The drawing below shows a person who, starting from rest at the top of a cliff, swings down at the end of a rope, releases it, and falls into the water below. There are two paths by which the person can enter the water. Suppose he enters the water at a speed of 18.0 m/s via path 1. How fast is he moving on path 2 when he releases the rope at a height of 4.35 m above the water? Ignore the effects of air resistance.
To determine the speed at which the person is moving on path 2 when releasing the rope, we can use the principle of conservation of mechanical energy. The total mechanical energy of the person, consisting of potential energy and kinetic energy, remains constant throughout the motion.
Let's define the following variables:
- v1: speed of the person on path 1 when releasing the rope (given: 18.0 m/s)
- h1: height of the cliff on path 1
- h2: height of the cliff on path 2 (given: 4.35 m)
- v2: speed of the person on path 2 when releasing the rope (unknown)
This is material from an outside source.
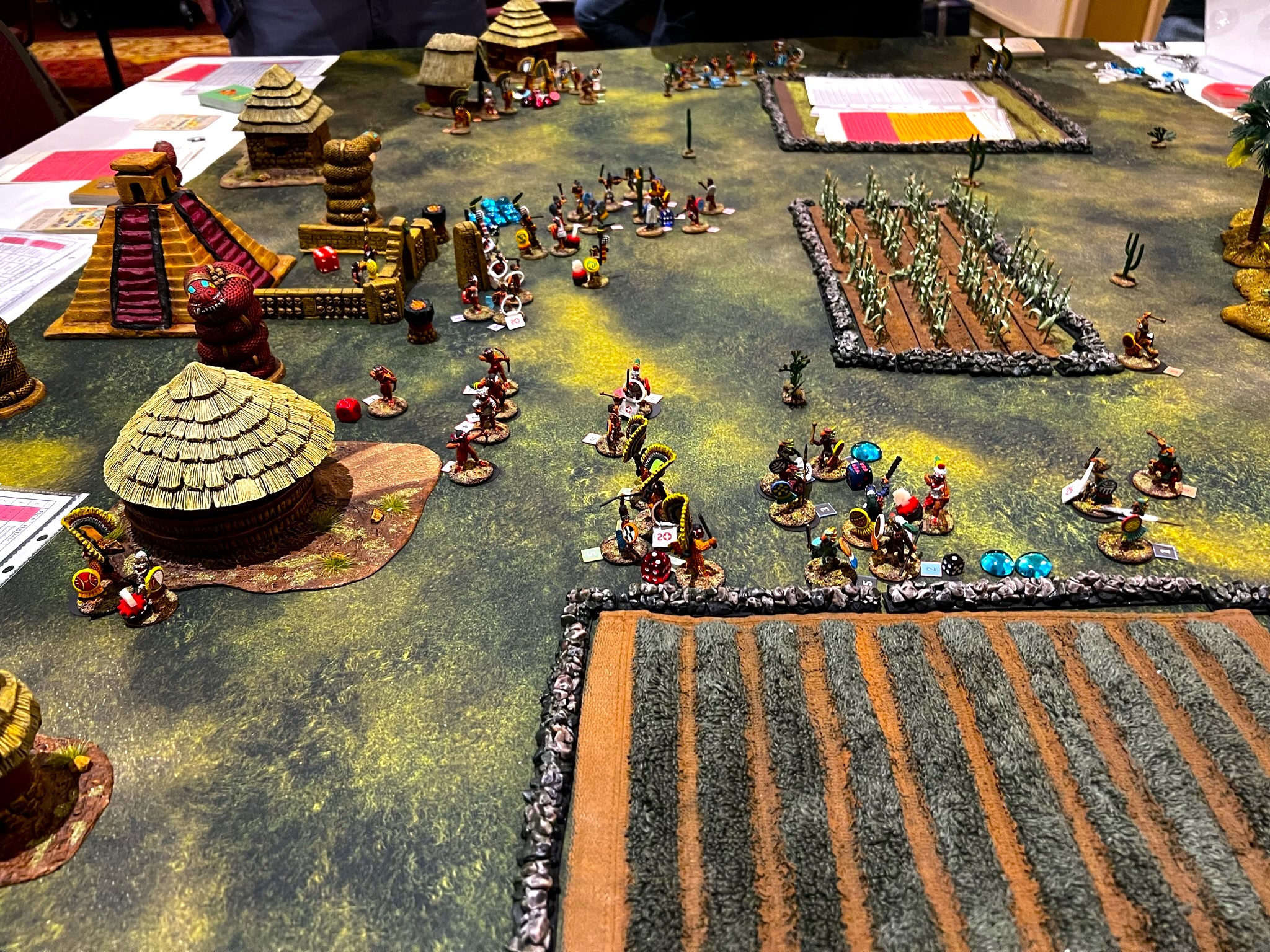 The Spanish needed to reach the Maya city or kill 50% of the Spanish, or kill Tabscoob, the Maya leader. The Maya needed to prevent the Spanish from achieving their victory conditions, kill Cortes, or kill 50% of the Conquistadores. In the game, the Maya do get reinforcements, and the Spanish do not. Time is not on the Spanish players’ side.

The conservation of mechanical energy equation can be written as follows:
mgh1 + (1/2)mv1^2 = mgh2 + (1/2)mv2^2
Since the mass (m) of the person cancels out on both sides, we can simplify the equation to:
gh1 + (1/2)v1^2 = gh2 + (1/2)v2^2
We can rearrange the equation and solve for v2:
v2^2 = (2gh1 + v1^2 - 2gh2)
Now, substitute the known values into the equation:
v2^2 = (2 * 9.8 m/s^2 * h1 + (18.0 m/s)^2 - 2 * 9.8 m/s^2 * 4.35 m)
Calculate the value inside the parentheses:
v2^2 = (19.6 h1 + 324 - 85.26)
Therefore,
v2^2 = (19.6 h1 + 238.74)
Finally, take the square root of both sides to find the speed on path 2:
v2 = √(19.6 h1 + 238.74)
Note: To find the value of v2, you need to specify the height of the cliff on path 1 (h1).